→ TASK PROMPT:
Return the records word for word. Pictures do not belong in the copy.

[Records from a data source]
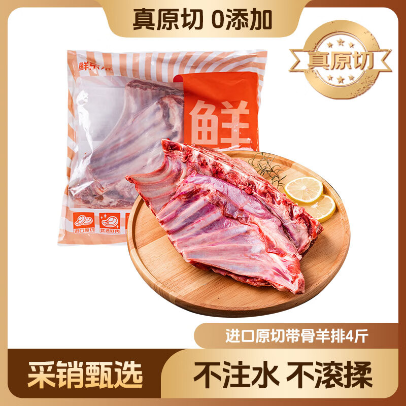 鲜京采 新西兰原切带骨羊排净重4斤/袋【偏肥】 羊肉烧烤 京东自有品牌
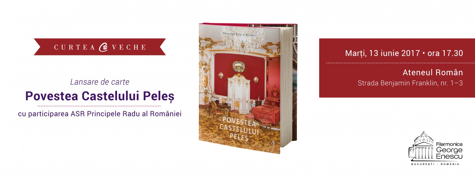 Curtea Veche Publishing și Filarmonica „George Enescu“ vă invită marți, 13 iunie 2017, începând cu ora 17.30, la evenimentul de lansare a cărții-album „Povestea Castelului Peleş”, scrisă de Alteța Sa Regală Principele Radu al României. Evenimentul va fi găzduit de Ateneul Român și va avea loc în foaier (str. Benjamin Franklin, nr. 1-3).
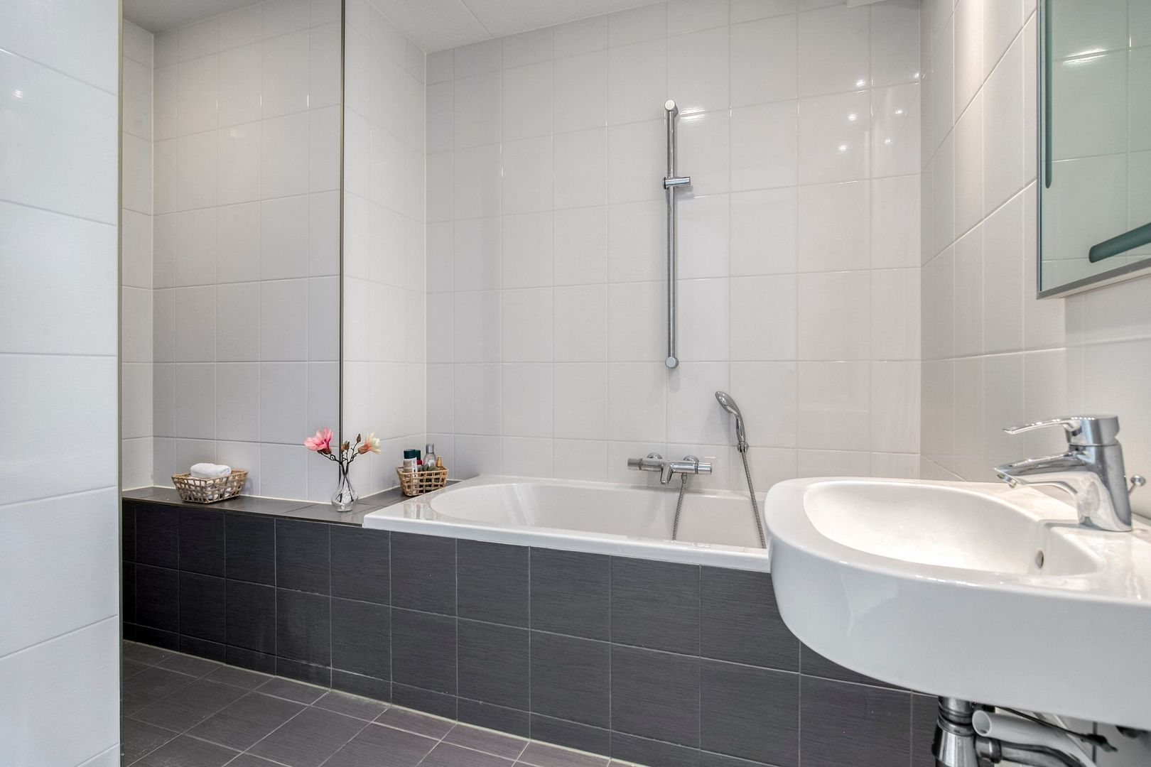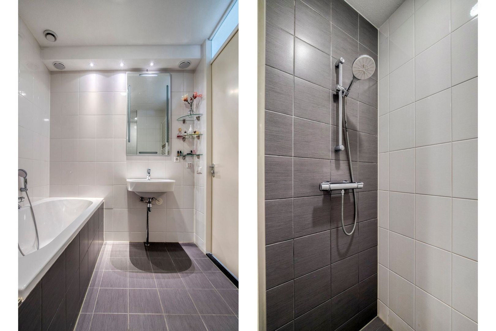 De badkamer beschikt over een ligbad, douche en handdoekradiator.
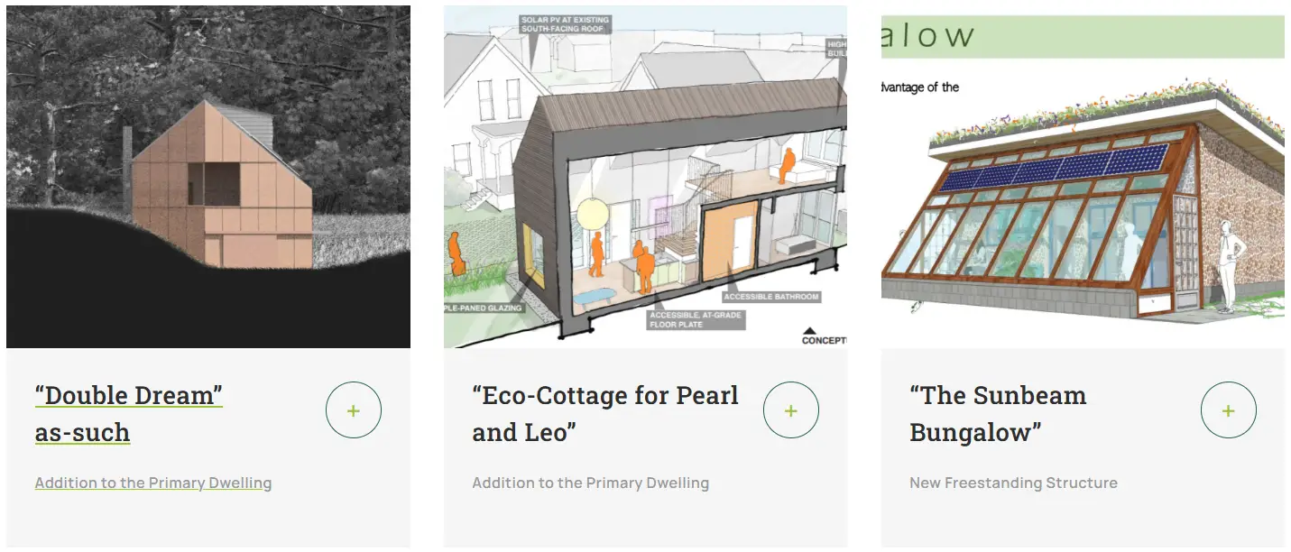 Architects were invited to respond to real homeowner case studies and submit a design for one of three categories: Addition to the Primary Dwelling, New Detached Structure, or Adaptive Reuse of an Existing Structure. All submissions were asked to consider sustainability, affordability, accessibility, innovation, aesthetics, as well as the specific homeowner’s needs, goals, and site characteristics.
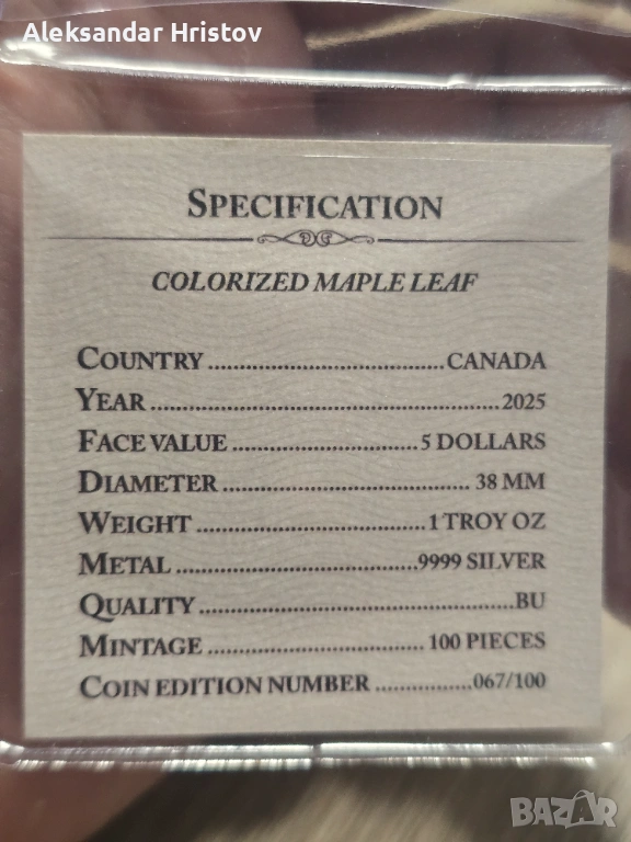 Лимитирана версия на канадската сребърна монета „Кленов лист“ → Обява 53466630
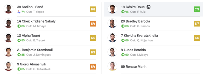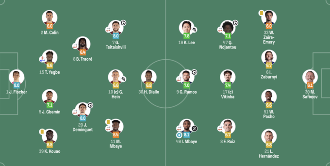Динамовец Георгий Цитаишвили получил одну из самых лучших оценок в матче 8.0, а главным героем встречи стал вингер «ПСЖ» Ибраим Мбайе – 8.1 балл от SofaScore.
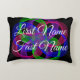 This geometric accent pillow is a parody on our names and showcases an alternative possibility of what our name could look like with a few minor changes. This product features front side, first and last name text customization. On the back side of the pillow, switch the first letter or couple of letters of your front and last names to create the interesting alternative. Have fun with this colorful double loop mesh geometric theme design. Combine with the in series throw and round pillows to complete the set.
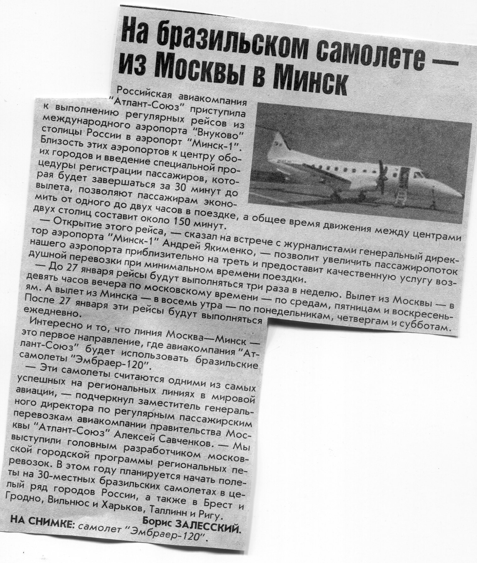 Залесский, Б. На бразильском самолете - из Москвы в Минск / Б. Залесский // Вечерний Минск. - 2008. - 11 янв.
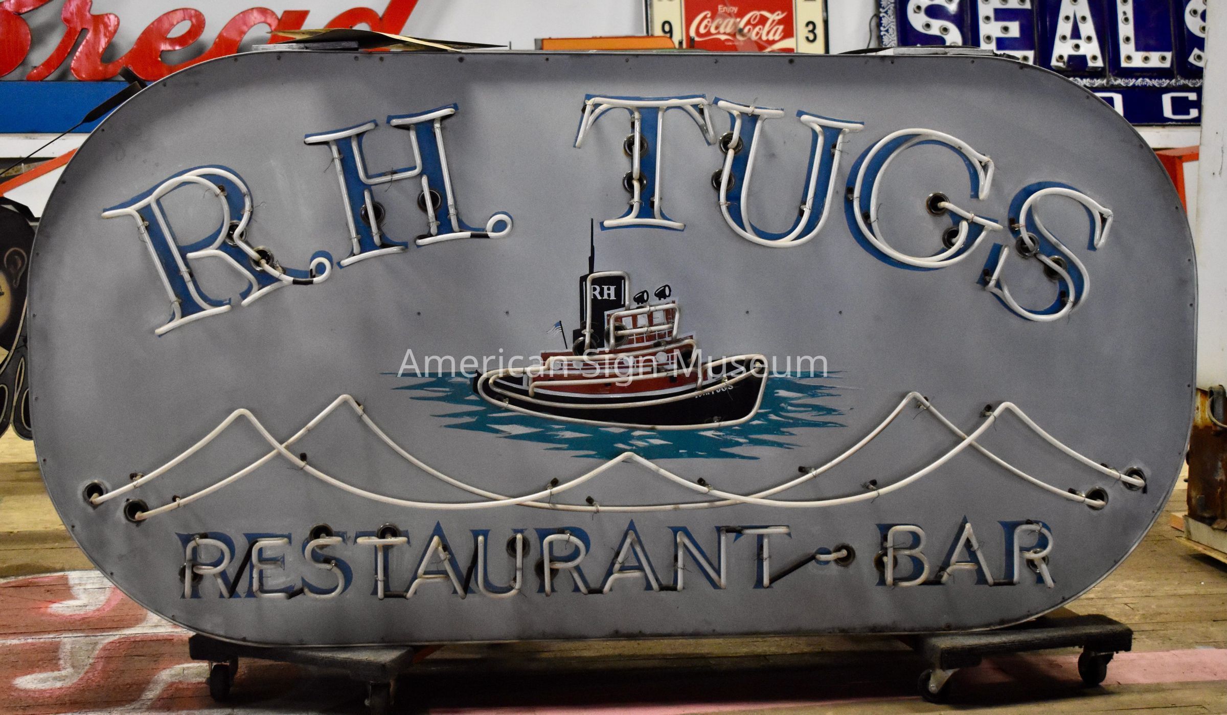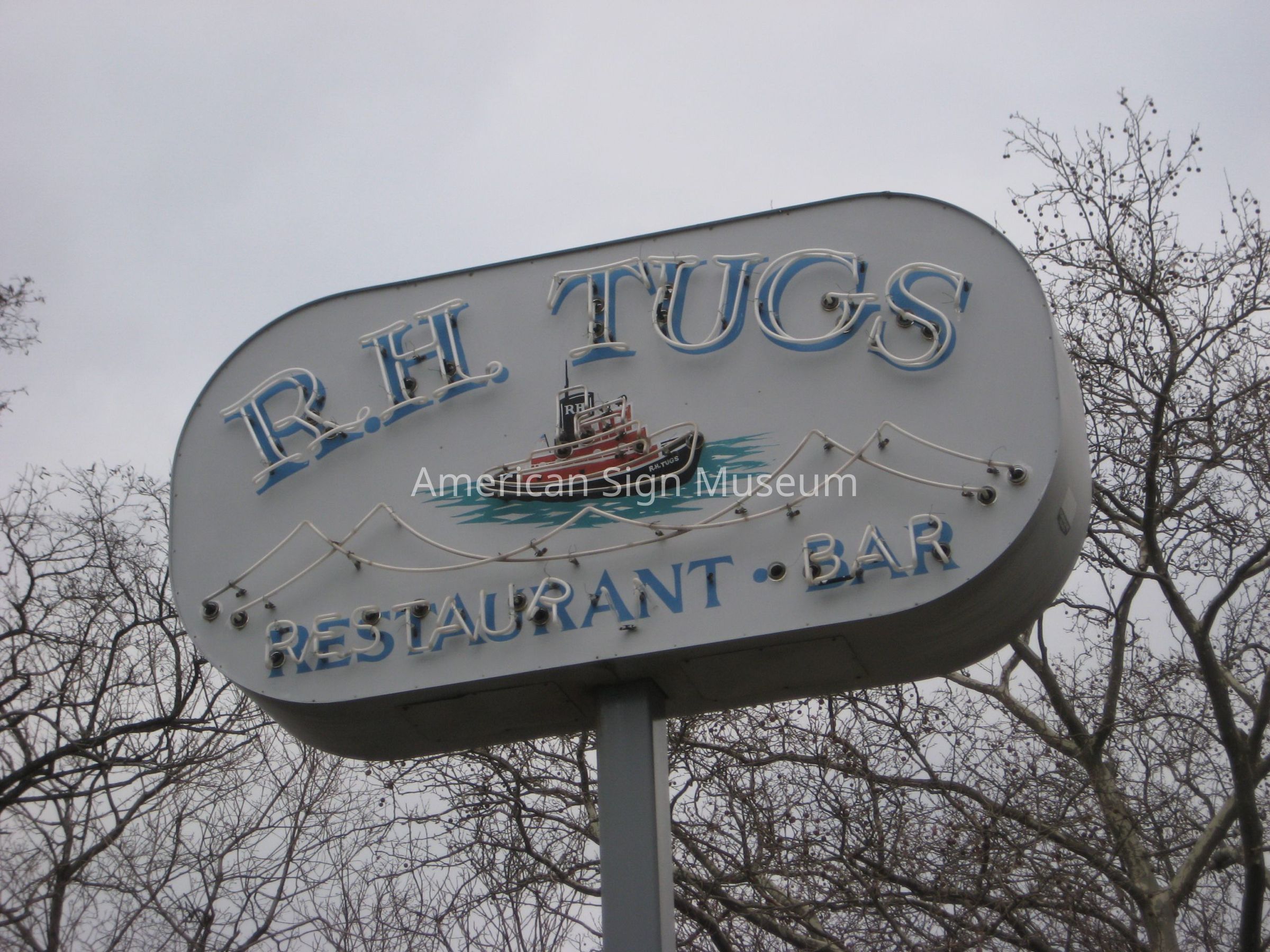 Double-faced, tin neon has painted pictorial of tug boat and identified the R.H. Tugs restaurant along the Kill Van Kull waterway near Staten Island, NY. The restaurant closed down in April, 2012 and the sign was removed by Frank Torrone & Sons Signs, Staten Island, NY. The museum was made aware of the possible availability of the sign by Frank Inzerillo, a local signpainter/pinstriper. A Perrysburg, OH sign crane manufacturer was also able to store the sign until it could be delivered to Cincinnati.Collection

→ WRITTEN SOLUTION:
 鲜京采 新西兰原切带骨羊排净重4斤/袋【偏肥】 羊肉烧烤 京东自有品牌
 Curtea Veche Publishing și Filarmonica „George Enescu“ vă invită marți, 13 iunie 2017, începând cu ora 17.30, la evenimentul de lansare a cărții-album „Povestea Castelului Peleş”, scrisă de Alteța Sa Regală Principele Radu al României. Evenimentul va fi găzduit de Ateneul Român și va avea loc în foaier (str. Benjamin Franklin, nr. 1-3).
 De badkamer beschikt over een ligbad, douche en handdoekradiator.
 Architects were invited to respond to real homeowner case studies and submit a design for one of three categories: Addition to the Primary Dwelling, New Detached Structure, or Adaptive Reuse of an Existing Structure. All submissions were asked to consider sustainability, affordability, accessibility, innovation, aesthetics, as well as the specific homeowner’s needs, goals, and site characteristics.
 Лимитирана версия на канадската сребърна монета „Кленов лист“ → Обява 53466630
Динамовец Георгий Цитаишвили получил одну из самых лучших оценок в матче 8.0, а главным героем встречи стал вингер «ПСЖ» Ибраим Мбайе – 8.1 балл от SofaScore.
 This geometric accent pillow is a parody on our names and showcases an alternative possibility of what our name could look like with a few minor changes. This product features front side, first and last name text customization. On the back side of the pillow, switch the first letter or couple of letters of your front and last names to create the interesting alternative. Have fun with this colorful double loop mesh geometric theme design. Combine with the in series throw and round pillows to complete the set.
 Залесский, Б. На бразильском самолете - из Москвы в Минск / Б. Залесский // Вечерний Минск. - 2008. - 11 янв.
 Double-faced, tin neon has painted pictorial of tug boat and identified the R.H. Tugs restaurant along the Kill Van Kull waterway near Staten Island, NY. The restaurant closed down in April, 2012 and the sign was removed by Frank Torrone & Sons Signs, Staten Island, NY. The museum was made aware of the possible availability of the sign by Frank Inzerillo, a local signpainter/pinstriper. A Perrysburg, OH sign crane manufacturer was also able to store the sign until it could be delivered to Cincinnati.Collection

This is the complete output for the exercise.